START MATERIAL SHOWN
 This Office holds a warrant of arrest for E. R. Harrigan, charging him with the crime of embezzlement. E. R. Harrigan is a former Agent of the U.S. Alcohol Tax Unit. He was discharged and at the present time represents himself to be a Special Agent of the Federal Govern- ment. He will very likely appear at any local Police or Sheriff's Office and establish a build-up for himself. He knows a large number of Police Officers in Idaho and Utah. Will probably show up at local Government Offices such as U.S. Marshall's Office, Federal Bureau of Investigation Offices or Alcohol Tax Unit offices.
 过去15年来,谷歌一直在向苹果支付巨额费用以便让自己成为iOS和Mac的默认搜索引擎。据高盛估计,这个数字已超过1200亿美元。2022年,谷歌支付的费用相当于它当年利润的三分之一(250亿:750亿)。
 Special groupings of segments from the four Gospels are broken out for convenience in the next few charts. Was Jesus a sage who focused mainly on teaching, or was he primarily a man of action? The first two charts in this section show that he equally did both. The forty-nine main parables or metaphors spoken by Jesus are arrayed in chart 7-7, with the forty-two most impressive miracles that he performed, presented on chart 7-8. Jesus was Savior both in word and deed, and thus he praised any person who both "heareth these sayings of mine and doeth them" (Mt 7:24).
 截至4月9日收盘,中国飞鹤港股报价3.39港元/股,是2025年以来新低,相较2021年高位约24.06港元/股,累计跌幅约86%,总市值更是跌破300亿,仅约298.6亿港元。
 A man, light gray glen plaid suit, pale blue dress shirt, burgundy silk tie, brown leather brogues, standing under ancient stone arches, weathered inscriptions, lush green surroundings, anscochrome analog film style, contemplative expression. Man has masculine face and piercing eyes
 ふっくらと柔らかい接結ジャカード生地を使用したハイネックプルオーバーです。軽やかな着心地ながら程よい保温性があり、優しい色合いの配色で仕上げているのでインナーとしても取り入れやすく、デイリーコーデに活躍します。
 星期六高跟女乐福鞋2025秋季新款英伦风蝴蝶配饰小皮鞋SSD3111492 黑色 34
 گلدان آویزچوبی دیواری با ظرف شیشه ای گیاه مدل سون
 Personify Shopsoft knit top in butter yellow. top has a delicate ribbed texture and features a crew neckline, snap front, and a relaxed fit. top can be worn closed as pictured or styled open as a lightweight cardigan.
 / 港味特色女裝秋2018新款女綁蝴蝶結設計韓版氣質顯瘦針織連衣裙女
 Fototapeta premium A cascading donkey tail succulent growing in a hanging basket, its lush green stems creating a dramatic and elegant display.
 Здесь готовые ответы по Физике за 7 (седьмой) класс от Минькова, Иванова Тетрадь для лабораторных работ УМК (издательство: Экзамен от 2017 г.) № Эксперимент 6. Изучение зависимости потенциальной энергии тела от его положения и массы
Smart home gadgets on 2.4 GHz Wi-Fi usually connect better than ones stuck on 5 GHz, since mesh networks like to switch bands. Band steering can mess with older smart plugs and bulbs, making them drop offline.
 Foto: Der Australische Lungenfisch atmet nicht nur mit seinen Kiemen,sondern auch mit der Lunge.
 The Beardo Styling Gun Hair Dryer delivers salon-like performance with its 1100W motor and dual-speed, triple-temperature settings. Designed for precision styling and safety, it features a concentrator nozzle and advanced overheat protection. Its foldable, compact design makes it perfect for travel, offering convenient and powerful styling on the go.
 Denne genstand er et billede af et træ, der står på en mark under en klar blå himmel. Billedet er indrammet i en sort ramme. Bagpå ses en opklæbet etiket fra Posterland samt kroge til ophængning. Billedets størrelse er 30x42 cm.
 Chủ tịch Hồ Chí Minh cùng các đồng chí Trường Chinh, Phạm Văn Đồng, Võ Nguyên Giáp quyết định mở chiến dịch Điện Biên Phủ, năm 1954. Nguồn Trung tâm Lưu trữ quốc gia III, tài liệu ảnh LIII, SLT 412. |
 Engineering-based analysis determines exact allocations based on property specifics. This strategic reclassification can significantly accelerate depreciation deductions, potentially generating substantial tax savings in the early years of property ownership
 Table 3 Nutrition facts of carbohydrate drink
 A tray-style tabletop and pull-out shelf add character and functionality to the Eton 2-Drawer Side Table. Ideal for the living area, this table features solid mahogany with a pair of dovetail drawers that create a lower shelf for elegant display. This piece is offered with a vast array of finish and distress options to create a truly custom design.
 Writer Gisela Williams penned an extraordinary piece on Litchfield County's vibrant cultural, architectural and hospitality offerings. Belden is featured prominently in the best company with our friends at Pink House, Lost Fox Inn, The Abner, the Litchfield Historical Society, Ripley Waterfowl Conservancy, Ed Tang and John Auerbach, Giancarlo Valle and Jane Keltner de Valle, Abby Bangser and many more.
END MATERIAL SHOWN
> _WHAT IS REQUIRED_:
I need every line of the material that includes "display", so please copy them out.

> _RESPONSE TO THIS EXERCISE_:
 Fototapeta premium A cascading donkey tail succulent growing in a hanging basket, its lush green stems creating a dramatic and elegant display.
 A tray-style tabletop and pull-out shelf add character and functionality to the Eton 2-Drawer Side Table. Ideal for the living area, this table features solid mahogany with a pair of dovetail drawers that create a lower shelf for elegant display. This piece is offered with a vast array of finish and distress options to create a truly custom design.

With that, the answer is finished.